Password Protecting Your Pages with htaccess

3 October 2005 / 35 Comments

Introduction

You may have visited a web page that pops up a dialog box similar to this one:

Password protection dialog

If you don’t know the username and password to enter, then you can’t access the page or site – it’s “password protected”. It’s sometimes handy to be able to password protect your pages like this – for example:

  • You’re building a new site, but you only want yourself (and maybe a select few) to be able to view the work-in-progress.
  • You have an area of your site that you never want the general public to have access to – for example, your web stats or private pages.
  • You have some paid (subscription) content on your site that only subscribers should be able to access.

Apache lets you password protect individual files, folders, or your entire site fairly easily. Read on to find out how it’s done.

How it works

To add password protection to your pages, you need to do the following two things:

  1. Create a text file on your server that will store your username and password.
  2. Create a special file called .htaccess in the folder you want to protect.

That’s it! Now let’s take a look at how to do each step.

Creating the password file

The first step is to create a simple text file that will store your username and password, separated by a colon (:). The small catch is that the password must be encrypted. Luckily, there are many free web-based utilities that will encrypt the password for you. Try one of these:

  • 4WebHelp’s online .htpasswd encryption tool
  • Alterlinks .htaccess password generator
  • htmlite’s htpasswd encryption page

Simply enter your desired username and password in one of these pages and submit the form. You’ll get back a string similar to the following:


fred:p29cmnwl4a0et

Now, open up your favourite text editor (e.g. Notepad or TextEdit), then copy and paste the username/password string into the editor. Save the file and call it .htpasswd.
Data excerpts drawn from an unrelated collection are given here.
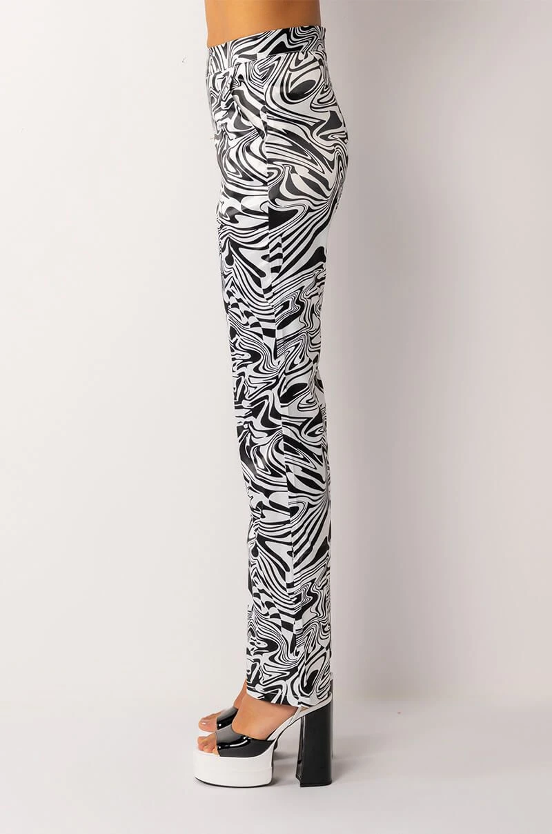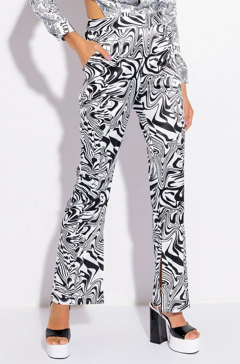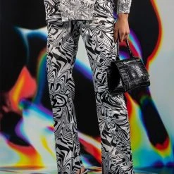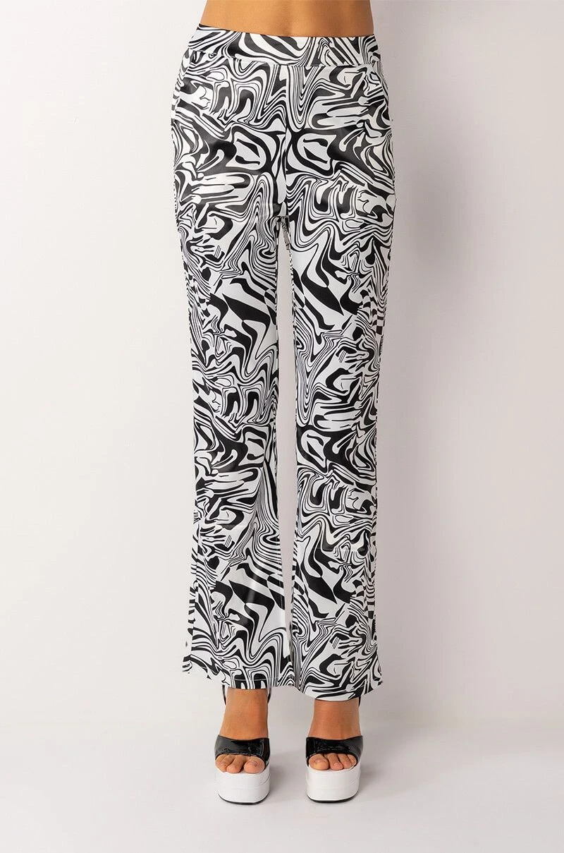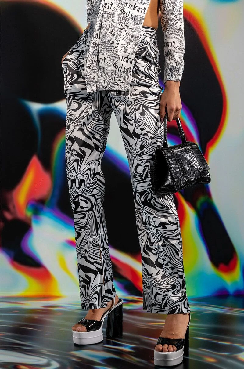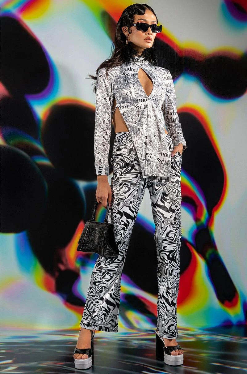 The AKIRA Label Utopia Flared Trouser is made from a lightweight satin fabrication and features a funky swirled print, a high rise waist, a thin waistband, slant side pockets, flared pant legs, and a tonal back zipper closure.
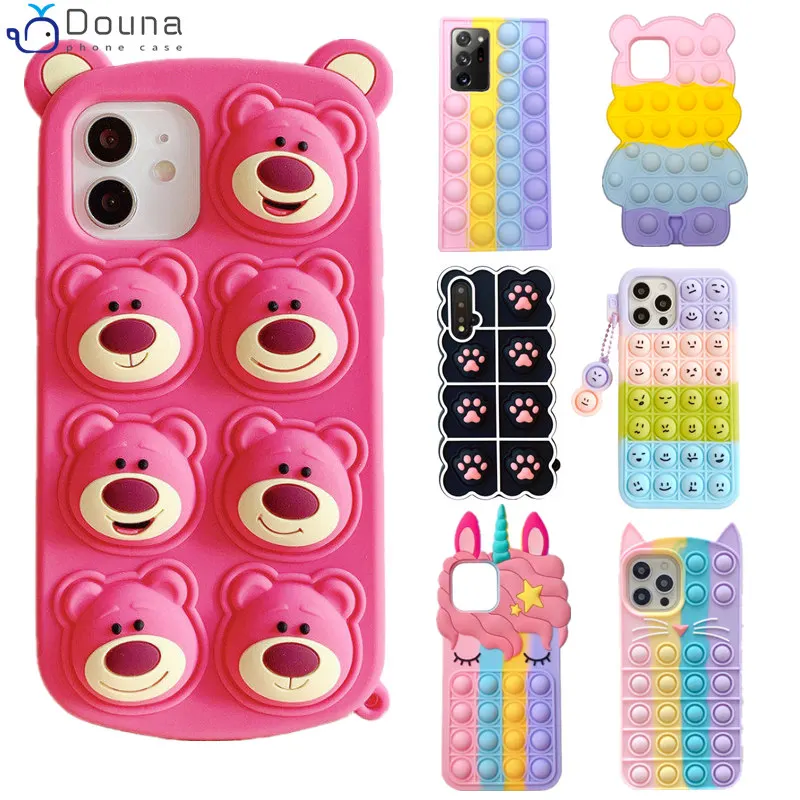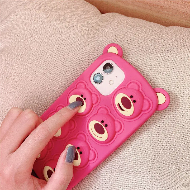 3D-чехол с милым мультяшным медведем и подвеской для телефона Poco M4 M3 X3 GT Xiaomi Redmi 9 9A 9C Note 11 10 9T 8 7 Pro Pop пузырьковый чехол
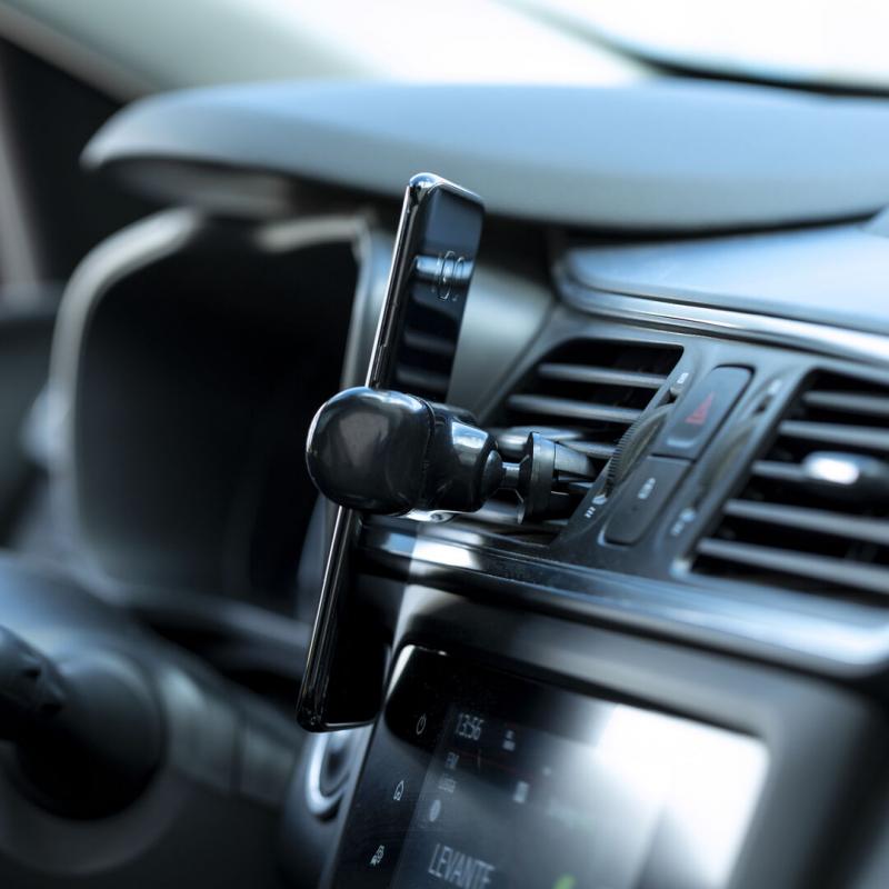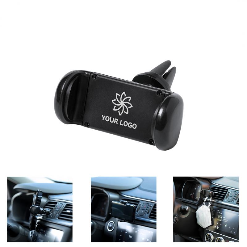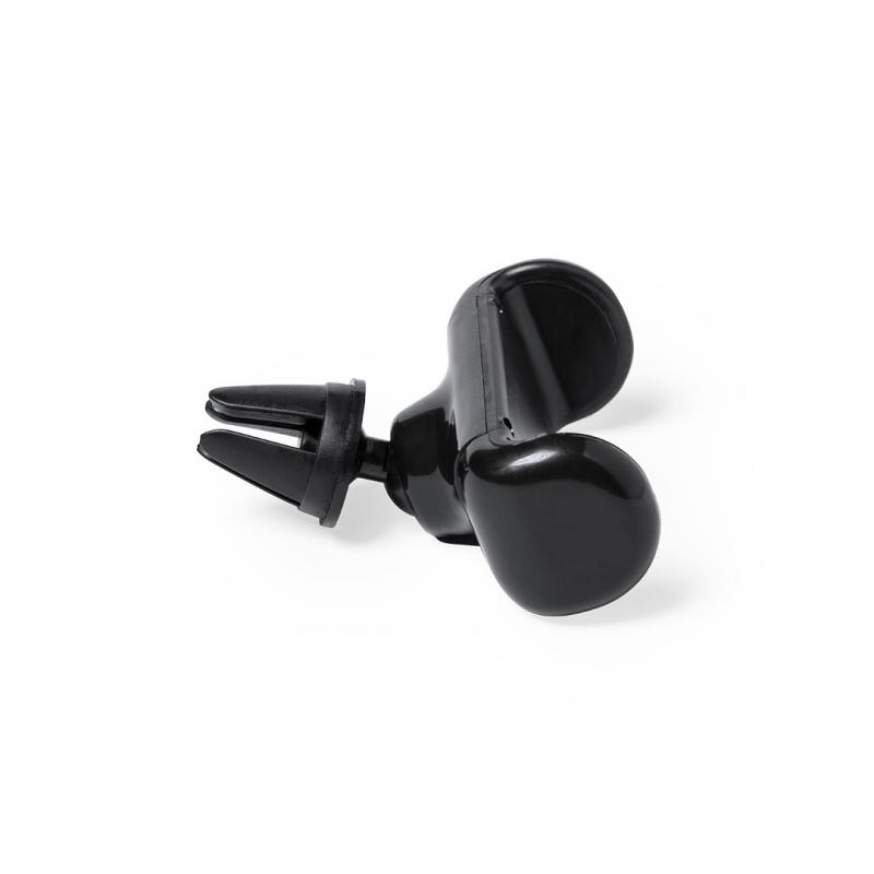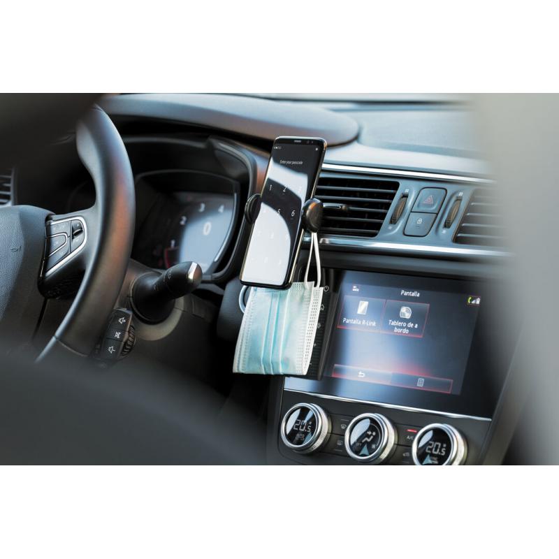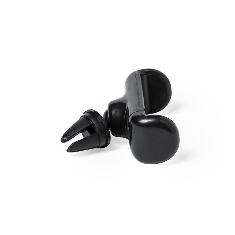 Soporte ajustable para smartphone de diseño minimalista, con base rotatoria 360º y de elegante acabado en color negro. Con sistema de fijación para rejilla de ventilación del automóvil y amplia superficie de marcaje, diseñado especialmente para tampografía.

Next, upload this file to your website. Make sure you place it outside the Web root of your site if possible, as you don’t want just anyone to be able to view the file! For example, place it above your public_html or htdocs folder. (Having said this, Apache is often set up by default to block web-based access to files beginning with .ht. Better safe than sorry though!)

If you can’t place your .htpasswd file outside your Web root, name it something that’s not easily guessable – for example, .htxuymwp – so that people won’t be able to find it easily. (In addition, it helps to start the filename with .ht; as mentioned earlier, Apache usually blocks access to files starting with .ht.)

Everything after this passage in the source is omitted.